_Record excerpts_.
______________________________
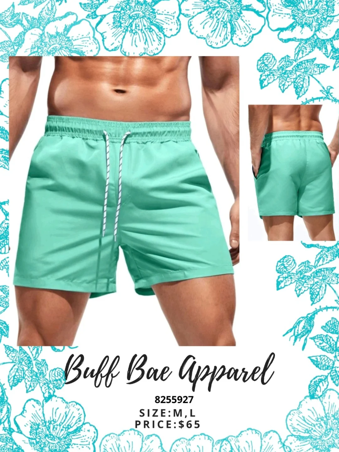 These men’s swim trunks are a vibrant mint green color, perfect for the beach or pool. They feature an elastic waistband with a drawstring for a comfortable and adjustable fit. Available in sizes M and L.
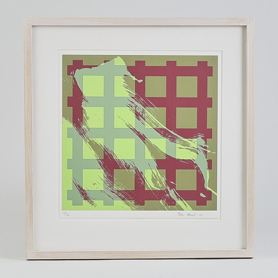 Gösta Wessel. Signerad, numrerad 58/86, daterad -87. Färglitografi. Bladets mått: 32x31 cm, yttermått inklusive ram: 47x45 cm
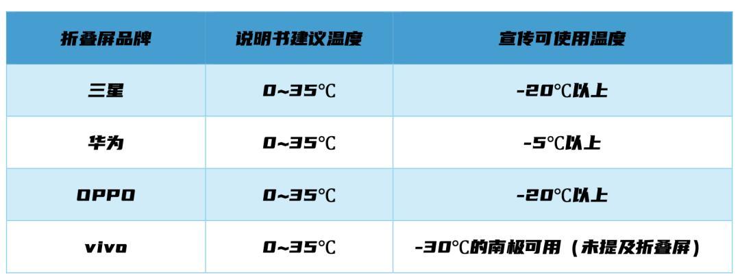 目前主流摺疊屏手機,說明書上 標明的適宜工作溫度都是0-35℃
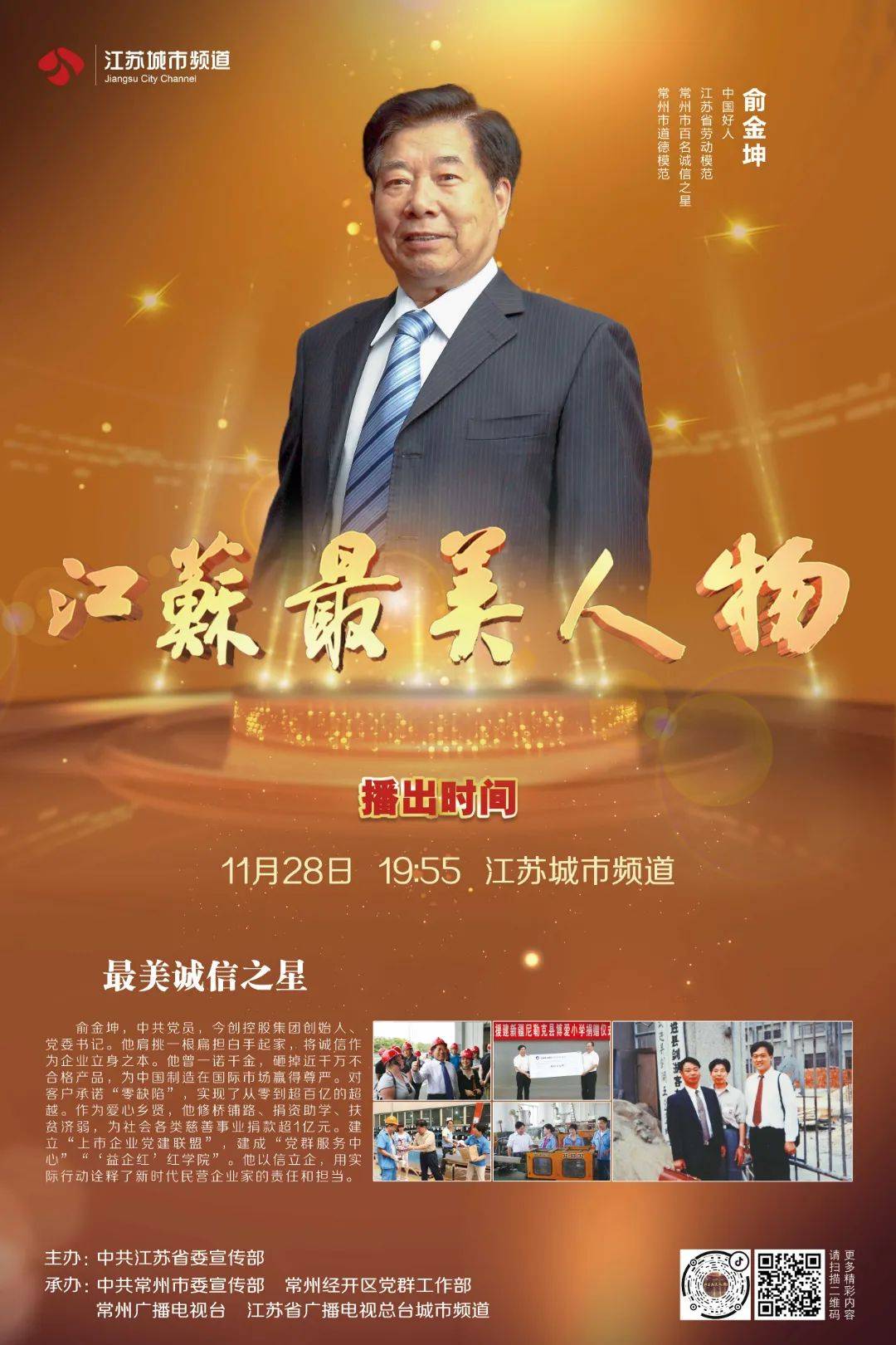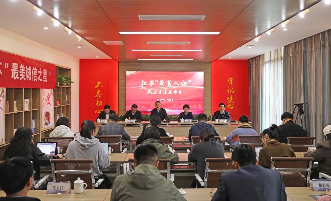 近日,江苏“最美诚信之星”俞金坤先进事迹发布会在集团党群服务中心举行,省委宣传部宣教处二级调研员胡红忠,常州市委宣传部副部长、市新闻办主任孙洁茹,常州经开区管委会副主任吴斑,常州经开区党群工作部副部长、市妇联经开区工委主任戴彩莲,遥观镇党委副书记、镇长薛飞等领导以及相关媒体参加发布会。今创控股集团创始人、董事局主席俞金坤被省委宣传部授予江苏“最美诚信之星”荣誉称号,并参加省广播电视总台城市频道的节目录制。
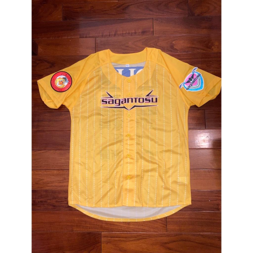 日本空運帶回 職棒軟銀鷹 & J-聯盟足球-鳥栖砂岩 聯名棒球罩衫 採用2015鷹之祭典 黃+條紋配色 尺寸L:衣長72cm、衣寬55cm
______________________________
_Goal of the exercise_. The lines to be quoted run from the line containing "目前主流摺疊屏手機,說明書上 標明的適宜工作溫度都是0-35℃" through the end of the entries above, both included; quote them exactly and leave out any pictures.

_Worked solution_.
 目前主流摺疊屏手機,說明書上 標明的適宜工作溫度都是0-35℃
 近日,江苏“最美诚信之星”俞金坤先进事迹发布会在集团党群服务中心举行,省委宣传部宣教处二级调研员胡红忠,常州市委宣传部副部长、市新闻办主任孙洁茹,常州经开区管委会副主任吴斑,常州经开区党群工作部副部长、市妇联经开区工委主任戴彩莲,遥观镇党委副书记、镇长薛飞等领导以及相关媒体参加发布会。今创控股集团创始人、董事局主席俞金坤被省委宣传部授予江苏“最美诚信之星”荣誉称号,并参加省广播电视总台城市频道的节目录制。
 日本空運帶回 職棒軟銀鷹 & J-聯盟足球-鳥栖砂岩 聯名棒球罩衫 採用2015鷹之祭典 黃+條紋配色 尺寸L:衣長72cm、衣寬55cm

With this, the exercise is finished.